Makes GermanTagger more accurate and adds support for detecting dash-…

…separated words
languagetool-org · Sep 30, 2017 · d13570c · d13570c
1 parent ad43253
commit d13570c
Showing 1 changed file with 53 additions and 16 deletions.
diff --git a/languagetool-language-modules/de/src/main/java/org/languagetool/tagging/de/GermanTagger.java b/languagetool-language-modules/de/src/main/java/org/languagetool/tagging/de/GermanTagger.java
@@ -59,6 +59,20 @@ public GermanTagger() {
     }
   }
 
+  //Removes the first part of dash-linked words (SSL-Zertifikat -> Zertifikat)

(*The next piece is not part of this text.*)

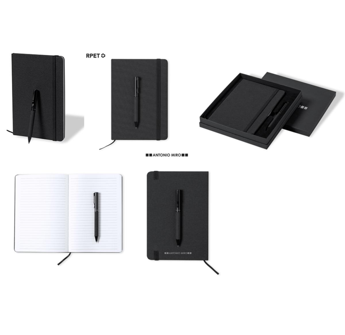 Antonio Mir? notepad and ball pen set. Including: Notepad in an elegant black finish, made of durable 300D polyester, with hard covers and matching elastic band. Inside with 100 sheets of single-stripe layout. Metal ball pen with twist mechanism and blue ink. With black barrel and fittings, metal clip and brand logo.

+  private static String sanitizeWord(String word) {
+    String result = word;
+    String[] splitWord = word.split("-");
+    if (splitWord.length > 1) {
+      for (int i = splitWord.length - 1; i >= 0; i--) {
+        if (!splitWord[i].trim().equals("") && !splitWord[i].trim().equals(null)) {
+          return splitWord[i];
+        }
+      }
+    }
+    return result;
+  }
+
   @Override
   public String getManualAdditionsFileName() {
     return "/de/added.txt";
@@ -95,47 +109,70 @@ public List<AnalyzedTokenReadings> tag(List<String> sentenceTokens, boolean igno
     int pos = 0;
 
     for (String word : sentenceTokens) {
-      List<AnalyzedToken> l = new ArrayList<>();
+      List<AnalyzedToken> readings = new ArrayList<>();
       List<TaggedWord> taggerTokens = getWordTagger().tag(word);
+
+      //Only first iteration
       if (firstWord && taggerTokens.isEmpty() && ignoreCase) { // e.g. "Das" -> "das" at start of sentence
         taggerTokens = getWordTagger().tag(word.toLowerCase());
         firstWord = word.matches("^\\W?$");
       } else if (pos == 0 && ignoreCase) {   // "Haben", "Sollen", "Können", "Gerade" etc. at start of sentence
         taggerTokens.addAll(getWordTagger().tag(word.toLowerCase()));
       }
-      if (taggerTokens.size() > 0) {
-        l.addAll(getAnalyzedTokens(taggerTokens, word));
-      } else {
-        // word not known, try to decompose it and use the last part for POS tagging:
+
+      //1+ iterations
+      if (taggerTokens.size() > 0) { //Word known, just add analyzed token to readings
+        readings.addAll(getAnalyzedTokens(taggerTokens, word));
+      } else { // Word not known, try to decompose it and use the last part for POS tagging:
         if (!StringTools.isEmpty(word.trim())) {
           List<String> compoundParts = compoundTokenizer.tokenize(word);
-          if (compoundParts.size() <= 1) {
-            // recognize alternative imperative forms (e.g., "Geh bitte!" in addition to "Gehe bitte!")
+
+          if (compoundParts.size() <= 1) { //Could not find simple compound parts
+            // Recognize alternative imperative forms (e.g., "Geh bitte!" in addition to "Gehe bitte!")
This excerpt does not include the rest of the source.